Dependencies are managed through Composer with a lockfile so every environment runs identical versions. Theme and custom plugin code is version-controlled. WordPress core, third-party plugins managed by Composer, the uploads directory, and the database stay out of the repository.

What does a WordPress performance optimization engagement look like?
Every optimization starts with a full audit: database health, plugin overhead, asset delivery, caching configuration, and Core Web Vitals. The audit produces a prioritized list of changes ranked by impact. Implementation is methodical, with before-and-after measurements for each change using tools like WebPageTest and real-user monitoring data.

What does ongoing WordPress maintenance from Little Room include?
Maintenance covers WordPress core, plugin, and theme updates applied on a regular schedule in a staging environment before they touch production.
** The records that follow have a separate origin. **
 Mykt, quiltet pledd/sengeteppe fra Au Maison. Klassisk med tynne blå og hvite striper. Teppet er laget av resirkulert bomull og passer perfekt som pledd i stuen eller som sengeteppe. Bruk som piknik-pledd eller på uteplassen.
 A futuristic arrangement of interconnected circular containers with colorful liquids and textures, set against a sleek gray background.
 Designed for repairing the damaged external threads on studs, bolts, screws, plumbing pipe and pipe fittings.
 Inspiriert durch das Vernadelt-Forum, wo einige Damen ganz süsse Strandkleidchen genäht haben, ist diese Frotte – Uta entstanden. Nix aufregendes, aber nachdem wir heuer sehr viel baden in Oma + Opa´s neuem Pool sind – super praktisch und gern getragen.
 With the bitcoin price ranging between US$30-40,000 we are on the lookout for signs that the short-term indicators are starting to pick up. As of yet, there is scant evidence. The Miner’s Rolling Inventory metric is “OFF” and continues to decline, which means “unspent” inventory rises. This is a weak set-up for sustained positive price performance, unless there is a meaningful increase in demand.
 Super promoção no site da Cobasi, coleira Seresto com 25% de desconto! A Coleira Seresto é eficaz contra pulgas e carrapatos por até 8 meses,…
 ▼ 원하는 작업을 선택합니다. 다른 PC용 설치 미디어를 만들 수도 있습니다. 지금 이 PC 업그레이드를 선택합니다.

It also includes uptime monitoring, regular database maintenance, security scanning, and backups verified by periodic test restores. The goal is that your site stays healthy without you having to think about it.

What documentation does Little Room provide for WordPress projects?
The deployment process, branching strategy, CI/CD configuration, and rollback procedure are all documented in the project repository. Incident response notes are captured there too. The goal is that any qualified developer can pick up the project and ship a release without guessing.